Наступил ужасающий конец войны, который я, снабженный поддельными документами, переждал у своей жены: казни дезертиров, приказы, бесчеловечность которых уже нельзя было сравнить ни с чем; и я, чтобы избежать грозящего ареста и смертного приговора, присоединился к пехотной дивизии и там пережил распад вермахта, который представлял собой полное разложение изнутри: орды, невиданные со времен Тридцатилетней войны, расползались по стране, взрывая мосты, и хмель уничтожения охватил всех: солдат вешали, расстреливали за две минуты до конца войны, а где-то в своем бункере в Берлине сидел Гитлер, крыса распада, и грыз ногти, в то время как генералы и фельдмаршалы выполняли волю крысы».

Как не вспомнить – по ассоциации – слова другого писателя из поколения Бёлля, Альфреда Андерша: он тоже назвал Гитлера «крысой, выползшей из канализационного люка». А слова Бёлля о «полном разложении изнутри», которое охватило еще недавно победоносный вермахт, утюживший своими танками просторы чужих земель! А не сравнимая ни с чем бесчеловечность приказов, отдаваемых в последние минуты запаниковавшими военачальниками, все еще выполнявшими «волю крысы»!

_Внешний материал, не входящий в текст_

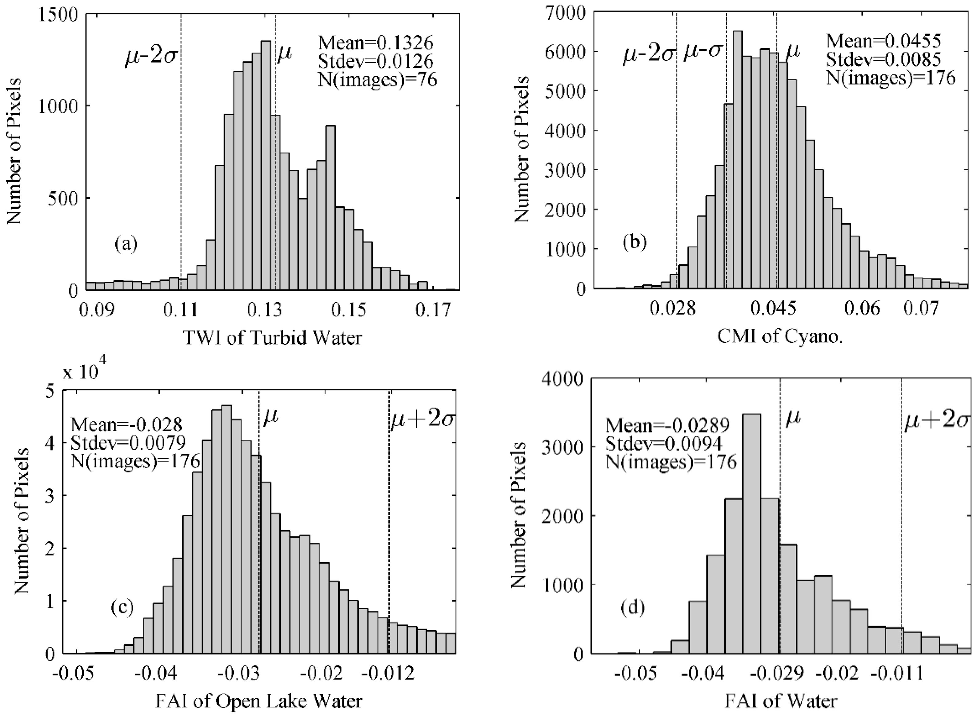 Considering the location and timing of elevated turbidity in Lake Taihu, a region of interest (ROI_i) with 80 × 80 pixels in the open lake was chosen and 76 images from December to February were visually checked for cyanobacterial scums and aquatic macrophytes. All pixels, with FAI > −0.004, were put together to determine TWI thresholds (Figure 6a). Based on the near normal distribution with a mean (μ) and standard deviation (σ) of 0.1326 and 0.0126, the TWI threshold for turbid waters was 0.107 (μ − 2σ).

Но вернемся к краткому изложению биографии Бёлля и его оценкам и самооценкам, относящимся к периоду, предшествовавшему войне. Вот еще фрагменты разных его интервью и воспоминаний: «В 1933 году пришел Гитлер, и это стало незабываемым решающим событием, и не в ретроспективном плане, а в том смысле, что вид марширующих нацистских колонн я не могу забыть по сию пору. Он во многом определил мою жизнь. Он определил мой иногда преувеличенный страх перед малейшим проявлением фашизма». Это сказано в 1974 году в интервью Би-Би-Си, но Бёлль еще не раз упомянет о своем страхе перед фашизмом, который «застрял в нем очень надолго, если не навсегда». Спустя 11 лет после того интервью, в мае 1985, он напишет в «Письме моим сыновьям», что «даже едва уловимый дух фашизма» повергает его в панику. Он признается: «Я держу свою машину полностью заправленной, ношу в кармане деньги, по меньшей мере на неделю жизни, и поселился неподалеку от голландской и бельгийской границы. Сумасшедший, сумасшедший, я знаю».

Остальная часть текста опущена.